After six more steps, the throbbing pain in his chest flared. He sucked in a breath — tried to, but the air would not come.
The trees hissed and rattled all around him, at the edges of the clearing.
Go back, they said. Leave this place.
Jack shivered. He hadn’t really been aware of the temperature; he’d expected it to be to be comfortable, so it was. He took another step. It grew colder. The pain in his chest flared again.
Go back. Leave this place. 
“Wake up, Jack. Please, don’t take another step, just wake up!”
The girl’s voice lingered in Jack’s ear, barely heard over his gasping for breath. He rolled over onto his side, and the pain in his chest slid away.
The ring.
He poked a finger through it, lifting it up. It wasn’t hot, just holding what warmth it had gathered sitting against him, bundled up beneath the blankets. It didn’t feel any heavier than normal. He turned the ring all the way around on his finger, feeling the engraving slide over his fingertip.
A.A.L. That was her, he knew. He didn’t know how he knew, he just… did. 
Tomorrow, he and his mom were going into town, to a friend of hers at the jewelry store, so that they could get the ring praised.
He thought that was a strange thing to do to a ring, and thought a church would be a better place for something like that.
But then, he thought as he drifted back to sleep, everything about the ring was strange….

* * * * *
A hollow banging sound started Jack from sleep, and he was already sitting up, swinging his feet from the bed before he was even fully awake. It came from downstairs, and fortunately, Jack’s feet remembered the routine of stairs even if his foggy mind hadn’t fully caught up with the idea of moving around.
Somebody was knocking on the front door, and the side kitchen door. Several somebodies.
No… it wasn’t knocking. It was the sound of hammers. Hammers and nails, on wood.
A shadow flashed across the curtained window of the kitchen door: long, straight. Unmoving, save to shudder as many hammers drove nails through it, into the door frame and side of the house.
His father was going to be upset in the morning. He’d just repainted that last summer.
Jack could see the corners and edges of other boards gone up across the front door, peeking through the tall, narrow windows that flanked the front doorway.
A sharp crash and the chattering of falling glass came from upstairs. From his sisters’ room. A girl screamed, but it wasn’t Hannah or Charlotte. There was another crash, and something round thudded into the living room with a spray of shards from from the window. There was another crash from the kitchen, and two more upstairs.
Again, the girl screamed. But the tone was different. If possible, it was even more frantic. 
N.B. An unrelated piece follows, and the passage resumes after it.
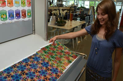 Marjolein Linders, showing her printed art for MPS Following MPS’s move to new headquarters in Arnhem, The Netherlands, the company commissioned a local art…

Jack ran up the stairs, saw the orange, flickering glow from beneath the door frame as his head came level with the balcony. Another crash came from behind the door, and the flickering orange quickened to yellow. The wash of heat stung Jack’s eyes, and everything blurred and skewed. 
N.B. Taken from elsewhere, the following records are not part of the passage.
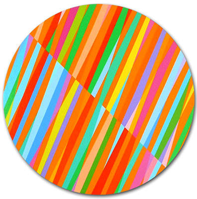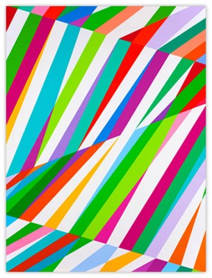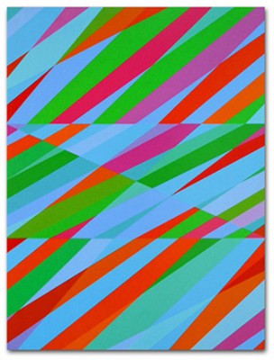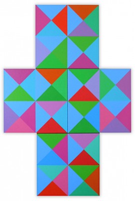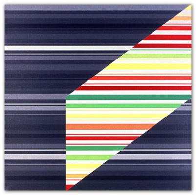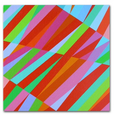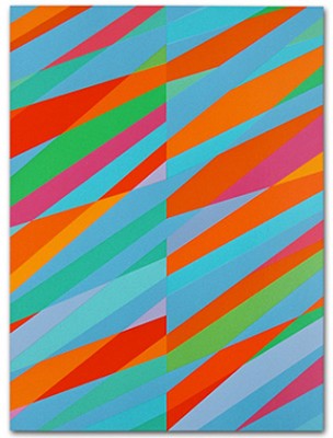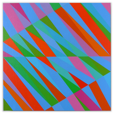 Hence stems my great interest and desire to paint, to think through images and their infinite variants, to search out forms and colors. It is a work that develops in constant experimental, expressive research, with a logical approach to processes, concepts and concrete experiences, with the techniques and language of painting. They are mental images, geometric abstracts, sets of deconstructed and numerically structured signs designed and articulated into multiple scanning routes. Fluctuating signs that interact in a play on the expression of rhythms, spaces, the continuous mutation of colors in a dialectic sequence in the making, with so many different, complex, expressive values. It is a mental voyage that starts over and over, with a great deal of curiosity and “raison d’être,” through a simple play on form and color and from a sort of interior need with the aim of sharing a sense of pleasure and joy in their existence with others.
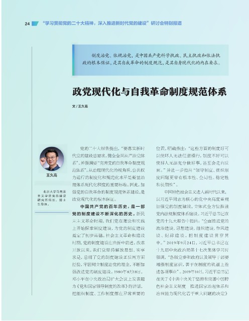 政党现代化与自我革命制度规范体系
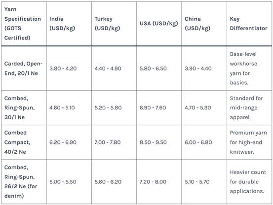 Table 1: Indicative Global Organic Cotton Yarn Spot Prices (Q2 2025)

Flames roared as he kicked the door open, reaching out to embrace him, even as the smoke rolled forth to smother him with its kiss.

Jack sat up so quickly, he knocked his head against the angled wall above his bed. Once more, he was gasping, gulping for breath, but instead of superheated air, he sucked in the odd mix of hot-and-cold air of his room in the winter.
His finger stung, as if he’d cut it on one of the shards of broken glass that littered the living room floor. He shook his hand, and the ring bounced off his bed, hitting the floor with a solid ‘thunk.’ The pain vanished.
Jack got up, giving the ring a wide berth, and peeked down the short flight of stairs to the main landing.
The house was quiet. Light filtered up from the nightlight in the kitchen, and the flashlights at the top and bottom of the stairway.
No crackle of flame, not even a ghost of a hint of smoke in the air.
Jack pulled his comforter from the bed, went down the stairs and curled up in his dad’s easy chair. The leather burped and squelched as Jack settled.
The ring upstairs, Jack’s sleep was deep and dreamless the rest of the night.